Personal Indexing Service

Published

As much as I love my emacs setup, I can’t take my laptop with me everywhere and that is my biggest compliant. For me investing in personal infrastructure makes sense as I build more one of one software that improves my life. More specifically, there are ways of searching for information I’ve built up over the years that I’ve come to rely on. To be able to search for information consistently across devices, there needs to be a personal indexing service.

What would a personal indexing service look like?

I built a protoype indexer and search UI and you can see a demo here.

I want to build a personal indexer for different documents stays up-to-date so that I can query it securely in one unified place.

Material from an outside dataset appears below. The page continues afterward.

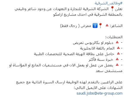 وظائف الشرقية Ksa On Twitter وظائف الشرقية تعلن الشركة الشرقية للتجارة و التعهدات عن وجود في مشاريع ارامكو ممرض رجال Saudi Jobs Ete Group Com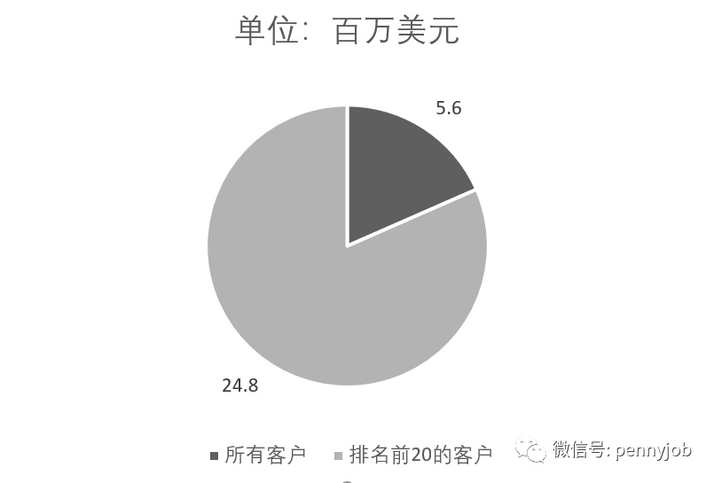Palantir單位客戶合同單價高,頭部客戶貢獻大部分收入。對公客戶主要爲政府機構,對私客戶主要爲美國大型企業,面對的問題複雜且定製化需求程度大。每一份合同都代表着與客戶的長期合作,一般訂單週期爲3年。單價也較高,通常購買費用在500萬美元到1000萬美元之間,要求客戶先支付20%的費用,剩餘部分在顧客滿意之後支付。除了提供服務器,Palantir還提供培訓和工程支持,這將大大增加產品的總體成本。維護費用每年也要3萬美元,培訓費用每名用戶爲1萬美元。此外,公司還提供諮詢服務,每小時爲150至300美元。2008-2019年Palantir平均客戶收入年複合增長率爲30%,前20大客戶爲35%,未來Palantir將繼續保持這一營收特點,深化大客戶的獲取與培育。

Querying should be multi-modal, it should combine results from similarity search, full text search with BM25 scoring, exact match, graph relationships, and SQL to that I can always get the best result depending on how I want to find things.

Querying should be provided via an API that I can query securely. Then it can be used from anywhere—iOS shortcut, emacs, org-ai, and other one of one software.

Overall, I’ll use the following principles to make decisions about what to build:

  1. Minimize maintenance I don’t have time for TLC, it needs to work and not take any of my attention unless I’m improving it. (e.g. always able to rebuild from source, no npm).
  2. Extensible to more sources I should be able to add new ways of searching without having to redo the whole thing. Similarly, I want to use different methods of search depending on what I’m doing or collate them together into one (e.g. exact search, similarity search, LLM, structured).
  3. Fast as hell I really can’t stand things that are slow that I use constantly. I search for things all the time and I’m very sensitive to milliseconds of latency. Speed is undervalued.

Sources

Tier 1

  • Notes
  • Journal
  • Meetings
  • Task lists and project files

Nice to have

  • Email
  • Calendar

Index

Should this all live in postgres?

  • Vector similarity search
  • Trigram full text search
  • Graph relationship search

Indexer

Write it in Rust to go super fast and multi-threaded? Speed might matter with the volume of file I/O and then text processing that needs to happen. Is python good enough?

Tools

For use with LLMs

  • Pre-process the request for search
  • Search notes using similarity search using a vector DB

For use with other programs

  • Language server for notes to query for related notes as you go, suggest links, see backlinks, auto tag, grammar check

Mobile

  • Write a note and link other notes to it by inserting an org-id link
    • Shortcut -> web view -> type -> search API -> select result -> paste link
    • Can a shortcut insert text at point? It might be annoying to have to paste after searching. (Sadly no you can’t due to iOS restrictions).
  • Search for a task and jump to it to work on it

Speed up org-roam and org-ql

After adding thousands of notes, it’s very slow to (seconds). I’d like to replace both searches with the indexer so it’s consistent and I can add new features on top like omni search, backlinks, related items.